Five years down the line, with the latest developments in 5G technology, AR, VR, AI and ML, what are the technological innovations we could expect?
As all the technological advancements are happening in tandem, the world we live in is evolving fast. On a day-to-day basis, our human behaviour and habits of interacting with the world around us is readjusting with full scale automation and digitalization boom happening right now. The use of robotics for example has taken over a lot of industrial day to day jobs with high efficiency and accuracy, not to mention the repeatability of these tasks.

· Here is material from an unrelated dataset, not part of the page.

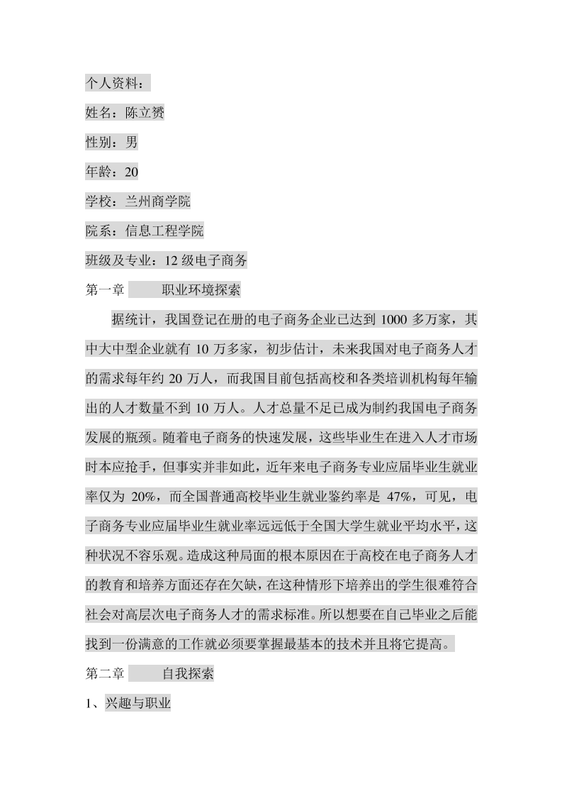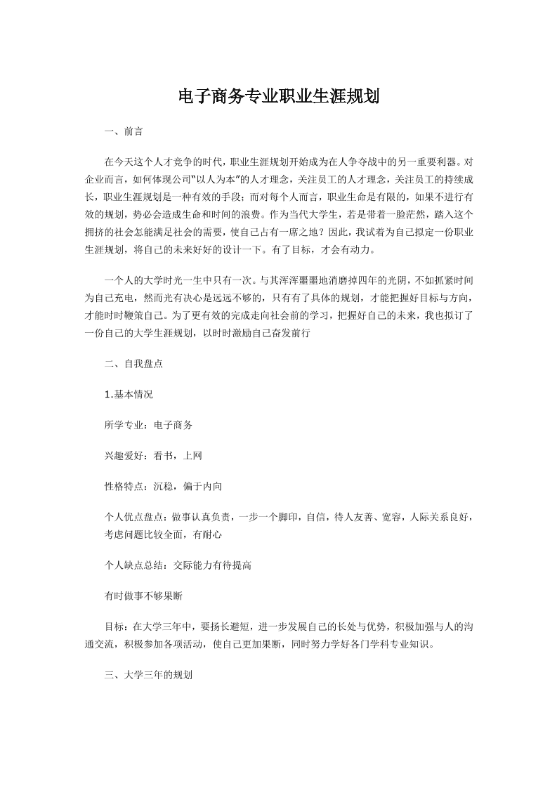 电子商务的职业生涯规划书

In the Built Environment sector, right from the building planning stage, people are using advanced BIMs and simulating every possibility to design highly intricate structures. AR, VR and other digital technologies are being used to experience the spaces that haven’t even been built yet. Similarly post-construction, the industry is quickly adapting automation technologies such as drones and robots for automated inspections. We are seeing AR integrated into scanning technologies. New sensors are being deployed right from the construction stage. This is a massive opportunity for companies such as WaveScan where we are developing such advanced scanner systems focused towards early stage detection of structural defects. As we are advancing and implementing ML/AI models for automated defect analysis, and later, data-driven predictive maintenance, today’s reactive behavior of inspections will eventually be replaced by need based inspections and maintenance, where we intervene and fix the buildings and infrastructure even before the anomalies have started to intensify, also prolonging the lifetime of the asset, and increasing the structural resilience with minimal downtime.
All these technologies are enabling asset owners to have complete control of their buildings and assets, which is backed by scientific data, and not assumptions or guesswork.